▶ **What the task asks**:
Each line below from the "1 szablon (plik" line through the "Jelly Rancher X3" line, those two included, must be restated word for word; the pictures must not be.

:: Entries supplied

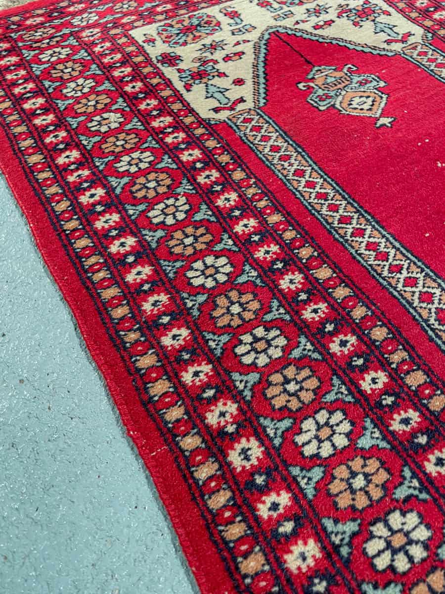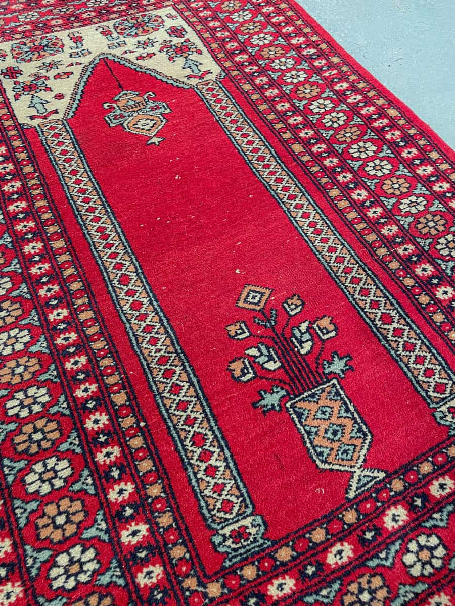 Perinteinen Hamadan geometrisella kuvioinnilla ja punaisella väriteemalla. Käsinsolmittu villasta.
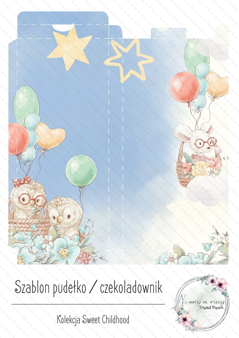 1 szablon (plik JPEG) do samodzielnego wydruku- czekoladownik. Po złożeniu mieści standardową czekoladę.
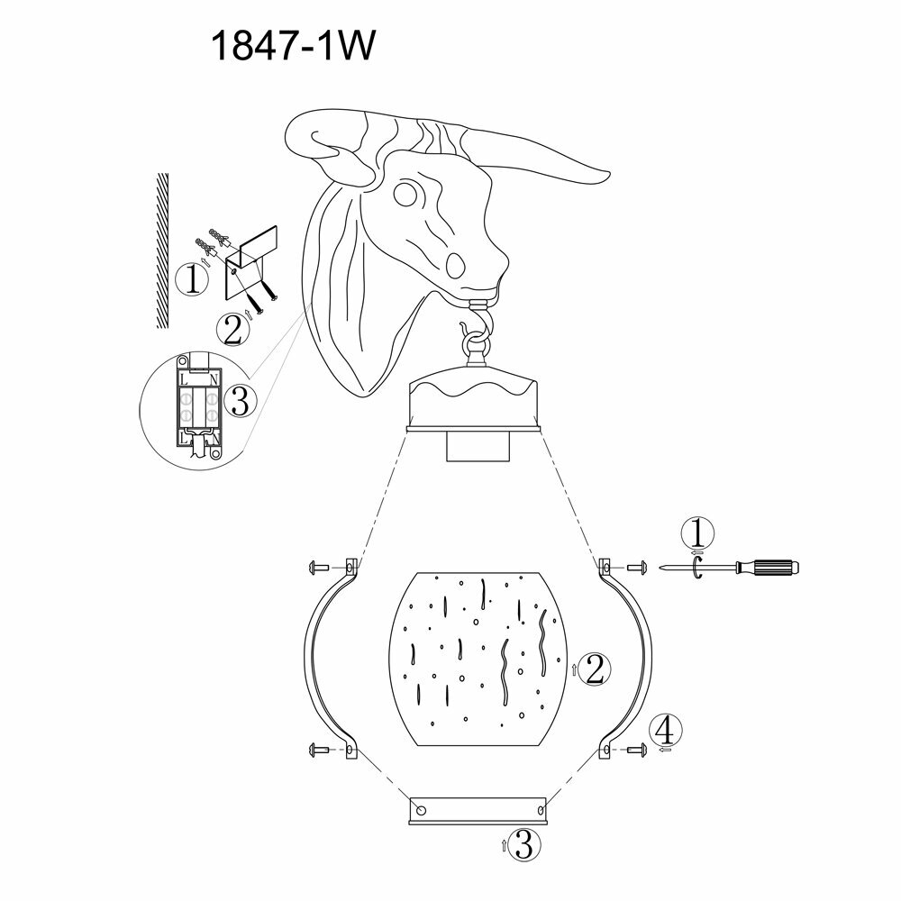 1847-1W, уличный светильник, D240xW360xH250, 1xE27x60W, IP44
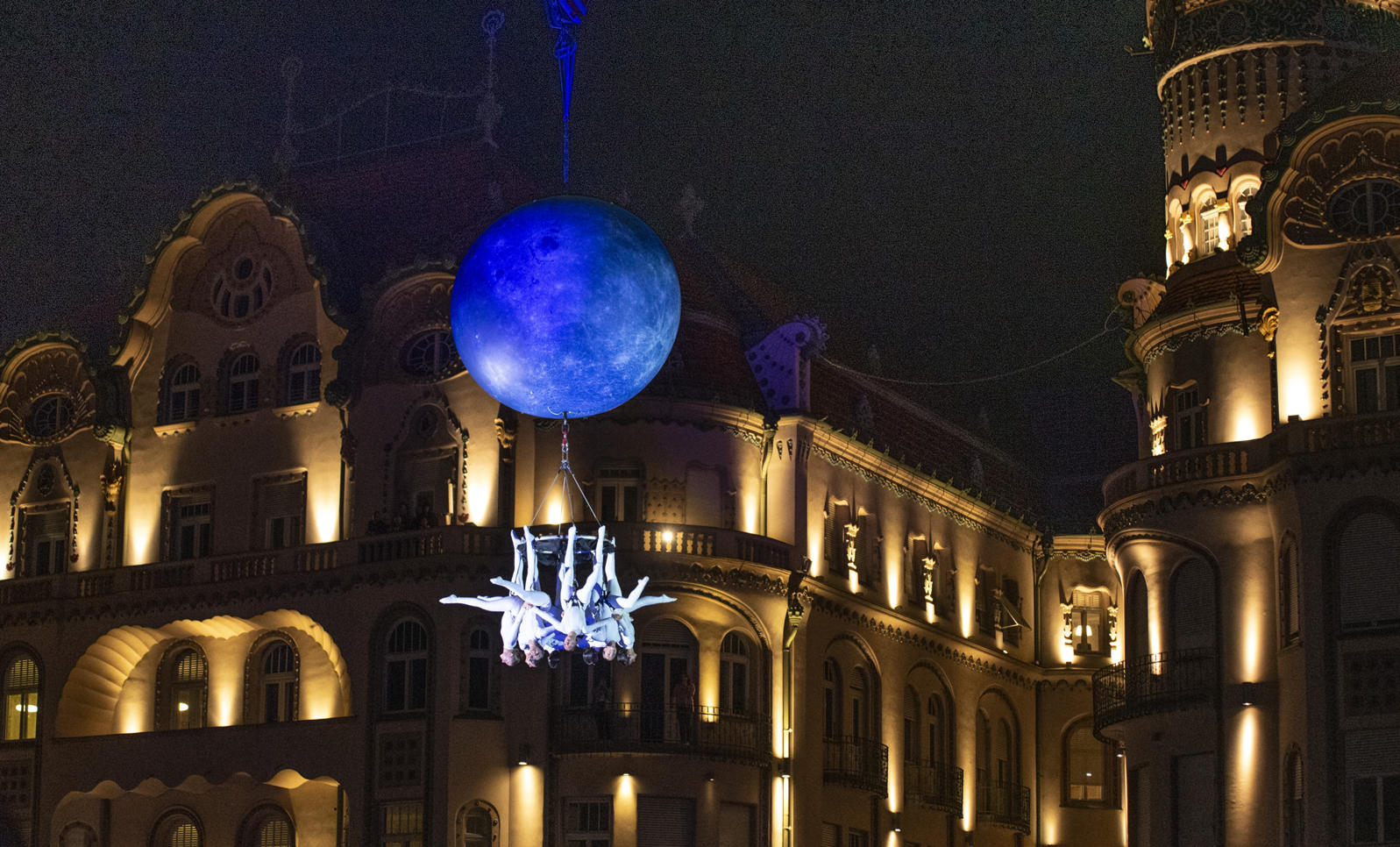 La finalul recitalului, centrul atenției s-a mutat imediat pe mijlocul platoului și pe zona așa numitului ansamblu Duiliu Marcu, din jurul statuii regelui Ferdinand, de unde s-au ridicat pe cerul nopții orădene balerinele îmbrăcate în alb. Asigurate în hamuri și carabiniere, suspendate de structuri rigide de oțel, dansatoarele au evadat din limitele suprafețelor plane și s-au desfășurat liber, cu cerul negru deasupra și frumoasele fațade din Piața Unirii, ca fundal.
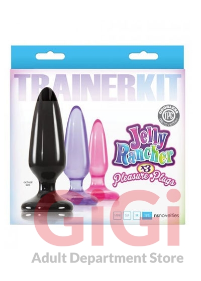 Jelly Rancher X3 Pleasure Plugs Trainer Kit Multicolor. Your training starts now! Featuring three sizes of flexible anal plugs, Jelly Ranchers Trainer Kit provides an enjoyable way to expand your sexual limits. The plugs have strong suction cups and can be used with all lubricants. Material Silicone. Color Multicolor. Product dimensions mini plug 3.2 inches by 1.7 inches, small plug 4 inches by 1.7 inches, medium plug 5 inches by 2.1 inches.
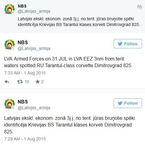 "31 июля на расстоянии трех морских миль (около 5 километров) от территориальных вод Латвии был замечен российский корабль "Димитровграда 825" класса "Тарантул"", - говорится в сообщении в Twitter.

::::

▶ **Response to this exercise**:
 1 szablon (plik JPEG) do samodzielnego wydruku- czekoladownik. Po złożeniu mieści standardową czekoladę.
 1847-1W, уличный светильник, D240xW360xH250, 1xE27x60W, IP44
 La finalul recitalului, centrul atenției s-a mutat imediat pe mijlocul platoului și pe zona așa numitului ansamblu Duiliu Marcu, din jurul statuii regelui Ferdinand, de unde s-au ridicat pe cerul nopții orădene balerinele îmbrăcate în alb. Asigurate în hamuri și carabiniere, suspendate de structuri rigide de oțel, dansatoarele au evadat din limitele suprafețelor plane și s-au desfășurat liber, cu cerul negru deasupra și frumoasele fațade din Piața Unirii, ca fundal.
 Jelly Rancher X3 Pleasure Plugs Trainer Kit Multicolor. Your training starts now! Featuring three sizes of flexible anal plugs, Jelly Ranchers Trainer Kit provides an enjoyable way to expand your sexual limits. The plugs have strong suction cups and can be used with all lubricants. Material Silicone. Color Multicolor. Product dimensions mini plug 3.2 inches by 1.7 inches, small plug 4 inches by 1.7 inches, medium plug 5 inches by 2.1 inches.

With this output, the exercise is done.